For most couples, divorce is personally and financially complex and stressful. Property settlement, prenuptial agreements, spousal support, child support and alimony are typically unfamiliar terms. Many individuals either never get divorced or experience divorce just once in their lives. Even if you divorce several times, each dissolution of marriage will vary based on the unique character of the marriage. Although divorce can be complex, the payments one spouse makes to another are easy to understand.

History of Alimony

Modern alimony traces its roots to old English courts, when married couples could legally separate if one spouse wronged the other. Although separated, a husband was still legally required to support his wife. The courts used the term "alimony" to describe the financial support a separated husband paid to his wife. The U.S. draws many principles of jurisprudence from the English court system. Therefore, U.S. courts adopted the term "alimony" in the context of divorce to characterize the support payments that the at-fault spouse, who had been cruel or unfaithful, paid to the "innocent" spouse. Traditionally, courts ordered husbands to pay alimony to wives, because men usually earned more than their wives and were usually considered responsible for the divorce because of infidelity, physical or emotional abuse.
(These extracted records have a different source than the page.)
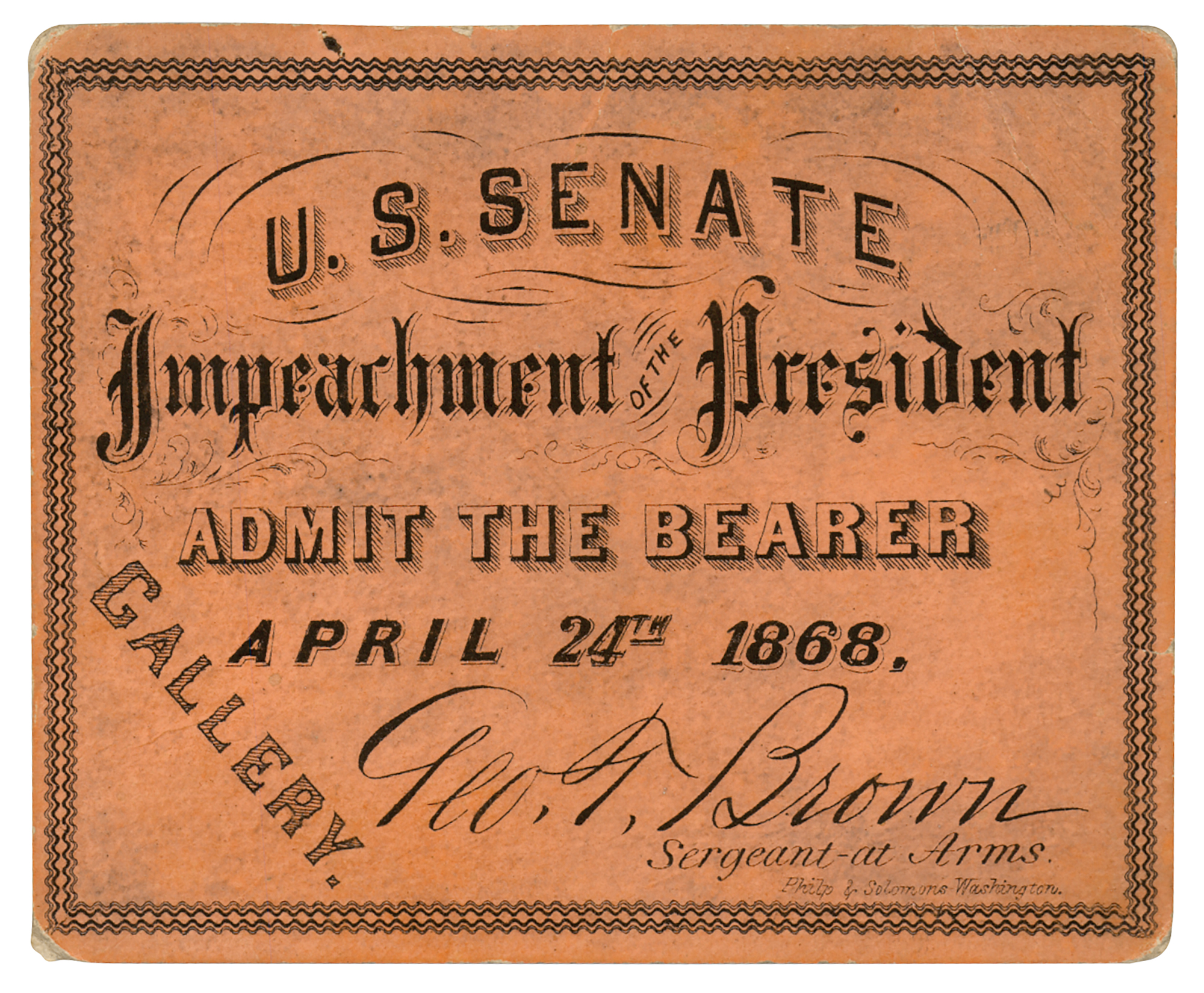 Original 3.5 x 3 orange gallery ticket stub to the U.S. Senate Impeachment of President Andrew Johnson on April 24, 1868. This ticket dates to the closing arguments, which began on April 22nd and concluded on May 6th. In fine condition.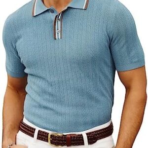 Features: Mens polo shirts featured with herringbone texture and ribbed pattern, lapel collared and 3 buttons placket with trims design, short sleeve, ribbed cuffs and hem make you look more capable and neat, basic and stylih styles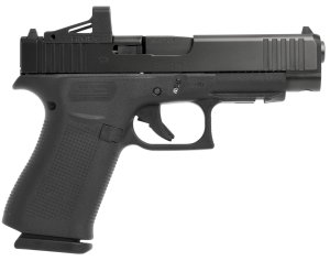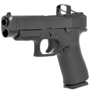 Pistole GLOCK 48 R/MOS/FS s jednořadým zásobníkem v ráži 9x19 je ideální zbraň pro skryté nošení. Dodává se v sadě se dvěma zásobníky na 10 nábojů.

Alimony and Spousal Support

The term "alimony" historically meant a support payment from a husband to a wife. The term seemed inappropriate when, in 1981, a court ordered a woman to pay monthly support to her husband. The neutral term "spousal support," on the other hand, seemed more appropriate to modern society, where most states' laws no longer recognize the concept of fault in divorce, and where a judge may order either a husband or a wife to pay support, depending on which spouse was the high earner in the relationship.

Support Factors

The factors a judge considers when deciding whether to award alimony or spousal support vary from state to state. Generally speaking, the factors include the length of the marriage and the degree to which one spouse gave up educational and career opportunities to raise a family or enhance the other spouse's career. In some cases, a judge awards spousal support for a limited period of time to enable the disadvantaged spouse to finish getting a degree or train for a specific career. In other cases, a judge awards a one-time payment known as "lump sum" spousal support.


If you meet certain conditions, spousal support is deductible from the payor's income and added to the recipient's income on tax returns. Requirements for this tax treatment include explicitly labeling the payments as spousal support in the divorce decree and requiring the spouses to live apart while receiving support and terminating the payments when the recipient spouse dies.